Page MenuHomePhabricator

Some event data (like the one that comes from mediawiki events such us revision create) should not get sanitized
Open, NormalPublic

Description

Now, all data is going into events database that is subjected to sanitization, but some data is by nature public and thus should probably not be subjected to sanitization. It could go to a different DB or rather, should all public data be whitelisted?

Event Timeline

Nuria created this task.Feb 27 2019, 6:02 PM
Restricted Application added a subscriber: Aklapper. · View Herald TranscriptFeb 27 2019, 6:02 PM
Milimetric renamed this task from Public event data incoming from eventgate should go into db that does not get sanitized? to Some event data should not get sanitized.Feb 28 2019, 5:40 PM
Milimetric triaged this task as Normal priority.
Milimetric updated the task description. (Show Details)
Milimetric moved this task from Incoming to Modern Event Platform on the Analytics board.
Nuria renamed this task from Some event data should not get sanitized to Some event data (like the one that comes from mediawiki events such us revision create) should not get sanitized.May 17 2019, 4:54 PM
Nuria updated the task description. (Show Details)
mforns added a subscriber: mforns.EditedMay 17 2019, 5:02 PM

I believe, as Andrew suggested once, that instead of having an "event" db and an "event_sanitized" db, we should have an "event_unsanitized" db and an "event" db.
This way, event_unsanitized would only contain only temporary data that will be deleted after 90 days, and the event db will contain final (sanitized if necessary) data.
The data sets that we control and do not need sanitization could be directly ingested into the final event database.
This would make everything easier.

Nuria added a comment.May 17 2019, 6:21 PM

Idea looks fine but I do not think it I do not think it will be wise to change naming at this stage.

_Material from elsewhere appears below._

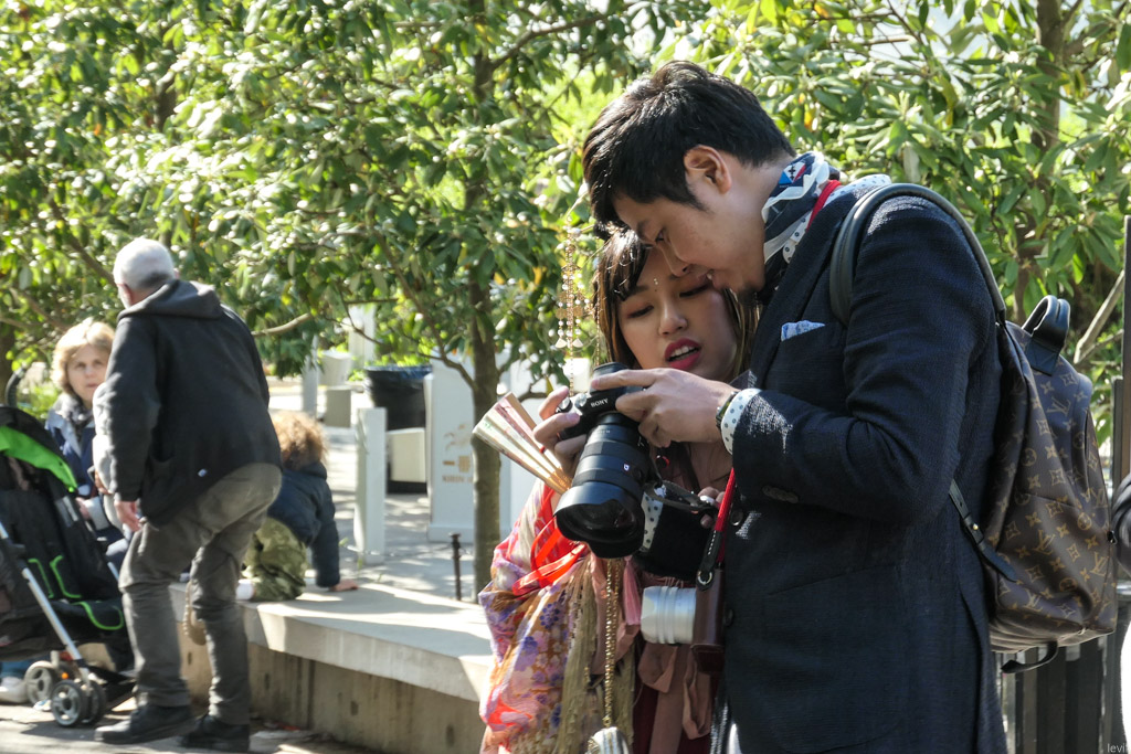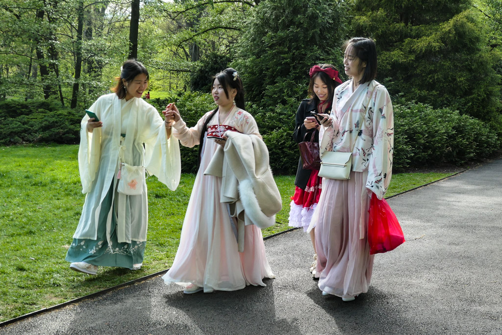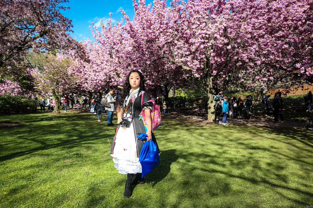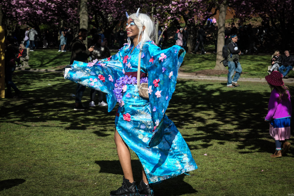 21. Как я уже сказал, посетители фестиваля (особенно девушки) одеваются в яркие праздничные наряды с азиатской тематикой, чтобы фотографироваться на фоне цветения.

If I understand correctly now the event database contains the eventlogging data up to 90 days and all the other events that never get sanitized (they have only public data) since inception. The event_sanitized database contains now only sanitized eventlogging data.

It is confusing cause we are maintaining the mediawiki_blah events on event database cause we not dropping them, not cause they are being published to event_sanitized, right?

Idea looks fine but I do not think it I do not think it will be wise to change naming at this stage.

I think changing naming now will be a indeed bit of work (database, jobs, coordinate deployment, documentation, notify people, etc.).
And it's likely that we mess up and have to do backfilling and such.
But I think the advantages of this approach are also significant:

  • No need of blacklisting of the deletion-after-90-days script (which is dangerous), if it fails, non-EL data could be deleted from event database.
  • No need of blacklisting of sanitization process (not so dangerous, but avoidable).
  • Better organization of data, which would allow for more data sets getting deleted-after-90-days and sanitized in an easier way and avoid confusion overall.

If I understand correctly now the event database contains the eventlogging data up to 90 days and all the other events that never get sanitized (they have only public data) since inception. The event_sanitized database contains now only sanitized eventlogging data.

Yes

It is confusing cause we are maintaining the mediawiki_blah events on event database cause we not dropping them, not cause they are being published to event_sanitized, right?

Yes, exactly. You said it, it's confusing :]
But I think we should not copy them over to the sanitized_database, they should not undergo an all-whitelisted sanitization process, if they are already non-privacy-sensitive. They should be ingested directly to the sanitized database. Only it should be named just "event". This way we make the sanitized version of the data the "default" and natural option. And leave the unsanitized as temporary/secondary.